Abstract
Mosquitoes act as vectors of numerous pathogens that cause human diseases. Dengue virus (DENV) transmitted by mosquito, Aedes aegypti, is responsible for dengue fever epidemics worldwide with a serious impact on human health. Currently, disease control mainly relies on vector targeted intervention strategies. Therefore, it is imperative to understand the molecular mechanisms underlying the innate immune response of mosquitoes against pathogens. In the present study, the expression profiles of immunity-related genes in the midgut responding to DENV infection by feeding were analyzed by transcriptome and quantitative real-time PCR. The level of Antimicrobial peptides (AMPs) increased seven days post-infection (d.p.i.), which could be induced by the Toll immune pathway. The expression of reactive oxygen species (ROS) genes, including antioxidant genes, such as HPX7, HPX8A, HPX8B, HPX8C were induced at one d.p.i. and peaked again at ten d.p.i. in the midgut. Interestingly, down-regulation of the antioxidant gene HPX8C by RNA interference led to reduction in the virus titer in the mosquito, probably due to the elevated levels of ROS. Application of a ROS inhibitor and scavenger molecules further established the role of oxygen free radicals in the modulation of the immune response to DENV infection. Overall, our comparative transcriptome analyses provide valuable information about the regulation of immunity related genes in the transmission vector in response to DENV infection. It further allows us to identify novel molecular mechanisms underlying the host-virus interaction, which might aid in the development of novel strategies to control mosquito-borne diseases.
Highlights
Hematophagous vectors such as mosquitoes transmit a variety of harmful infections that cause devastating diseases, such as malaria, dengue fever, and Zika syndrome [1]

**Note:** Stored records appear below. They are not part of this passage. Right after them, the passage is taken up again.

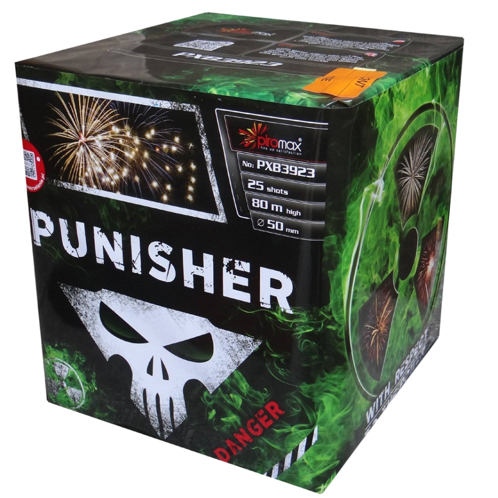 Kompaktný ohňostroj Punisher je sprevádzaný rôznymi viacfarebnými efektami. Tento ohňostroj vypáli do vzduchu 25 rán s veľkosťou ráže 50 mm s dĺžkou efektu približne 50 sekúnd.
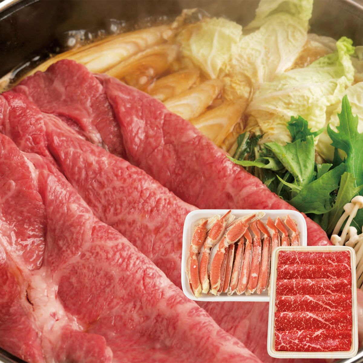 ボイルずわい蟹と北海道産 黒毛和牛すき焼き用
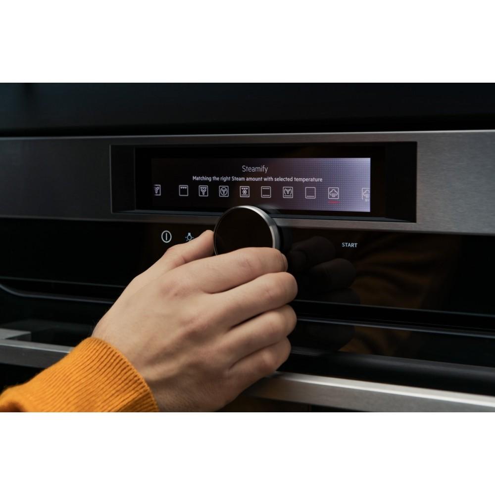 - Funkcie rúry: Gratinované jedlá, Dolný ohrev, Pečenie chleba, Tradičné pečenie, Rozmrazovanie, Kysnutie cesta, Sušenie, Mrazené pokrmy, Parné pečenie, Gril, Vysoká vlhkosť, Nízka vlhkosť, Udržiavanie teploty, Vlhký horúci vzduch, Pečenie pizze, Ohrev tanierov, Zaváranie, Pomalé pečenie, Parná regenerácia, Steamify, Teplovzdušné pečenie, Turbo gril
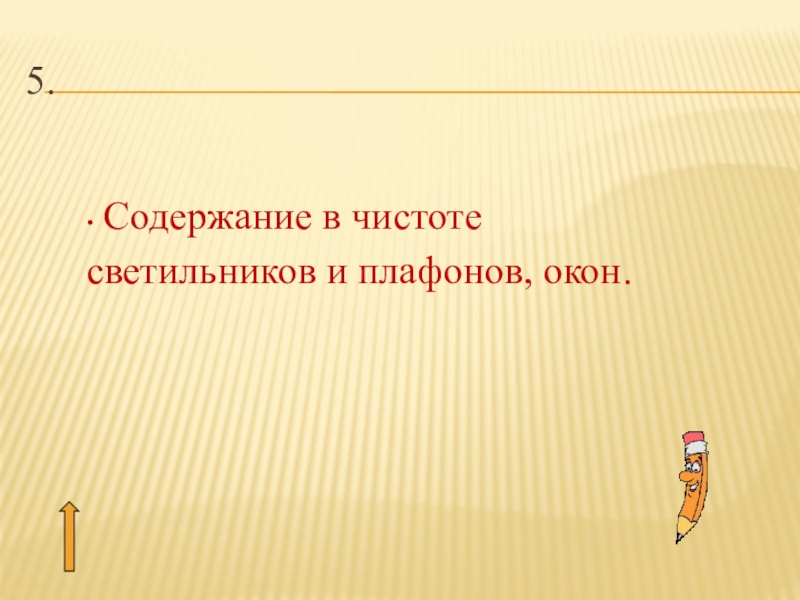 5. • Содержание в чистоте светильников и плафонов, окон.
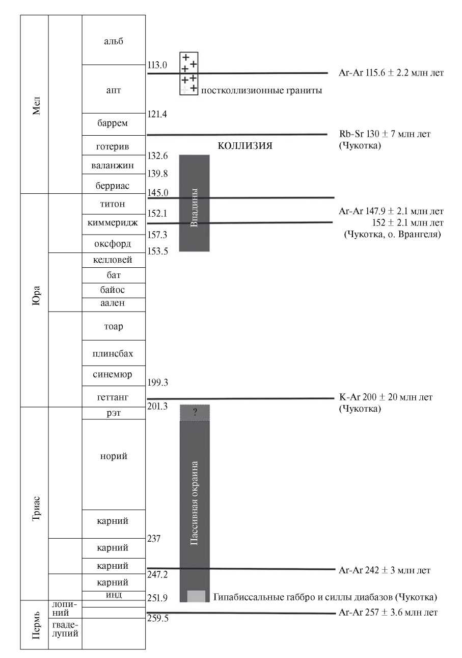 Рис. 5. Основные деформационные события на территории Чукотки и о. Врангеля по результатам изотопного (40Ar/39Ar-, K/Ar-, Rb/Sr-) датирования показаны в соответствии с этапами развития осадочных бассейнов.
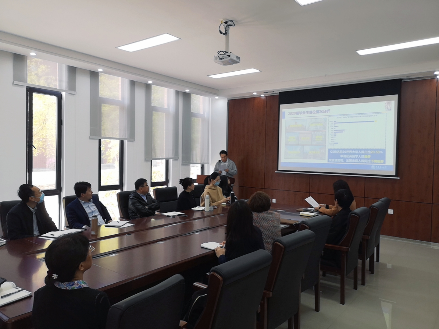 梳理当前落位情况,把握就业指导方向。首先,学院学生工作办公室主任王常有老师对2020届毕业生落位情况进行详细介绍,并分析了以往就业指导工作的经验和不足。然后,王常有老师介绍了目前针对学院2021届毕业生开展的就业指导举措,并汇报了2021届毕业生当前实时落位情况。最后,王常有老师认真分析了学院2021届毕业生就业指导工作目前存在的困难以及未来工作思路,并简要介绍了学院承担的2021年招生工作。

In order to identify the genes activated in response to viral infection, we performed global transcriptome profiling in Ae. aegypti mosquitoes after blood feeding
We observed that the Dengue virus (DENV) level increased significantly in both the midgut and carcass when fed with a blood meal containing a viral titer of 106 Pfu/ml (S1A and S1B Fig)
Summary
Hematophagous vectors such as mosquitoes transmit a variety of harmful infections that cause devastating diseases, such as malaria, dengue fever, and Zika syndrome [1]. Mosquitoes, like other insects, do not possess adaptive immunity like that of vertebrates [3]; the innate immune system is essential for controlling parasite and arbovirus infections [4,5,6,7]. Much knowledge has already been acquired from research on anti-Plasmodium and antibacterial defenses of mosquitoes. In the mosquito fat body, Toll and IMD are two major immune signaling pathways. Activation of the Toll and IMD pathways allows NF-κB factors to enter the nucleus and transcriptionally activate the expression of Antimicrobial peptides (AMPs) and other immunity related genes [8]. It has been reported that transgenic mosquitoes co-expressing two or more effector molecules, such as Cecropin A or Defensin A, with synergistic effects on parasites exhibit anti-malarial phenotypes [10]. The JAK-STAT pathway has been shown to be involved in anti-Plasmodium defense [11]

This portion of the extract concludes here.